Aioli is commonly served with potatoes in Meditteranean cuisines, and so when I decided to learn how to make Basque food, I decided it was long overdue that I master aioli. I had tried to make it in the past -- cooking my way as many of us do through Julia Child master class -- with mixed results that were related to the student, not the teacher.

I remembered that 400 Sauces, a great cookbook I reviewed for Slashfood, had a recipe for aioli. Having had success with every recipe I've tried from this essential cookbook, I tried the recipe for aioli. Voila! This aioli -- with a technique, I should admit, not much different from any other I've tried -- emerged from the whip glossy and creamy-white, with a powerful garlic boom. (The yellowish tint in the photo is the result of the lighting in the kitchen). Sprinkled with Spanish paprika from my favorite herb and spice shop, this aioli formed a perfect union with potatoes fried in the Spanish way.
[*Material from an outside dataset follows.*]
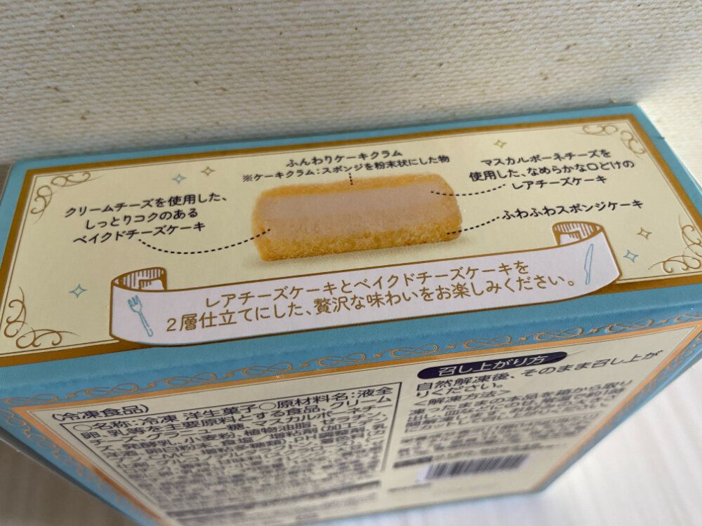 側面には魅力的なチーズケーキの説明書きが。洋菓子店などで売っていそうな高級感のあるチーズケーキ、さっそく筆者も購入してきました。

What I learned about making aioli is that all of the notes you read about how to do it are correct. Have all of the ingredients at hand (a practice worth following for any dish) and have all of the ingredients at room temperature. Incorporate the oil a drop at a time when you begin, increasing the amount as the aioli begins to build volume. Be prepared to get a good arm workout. It takes patience and effort -- qualities the best cooking doesn't just encourage, but occasionally demands -- but the results are literally consideration you, and your diners, can taste.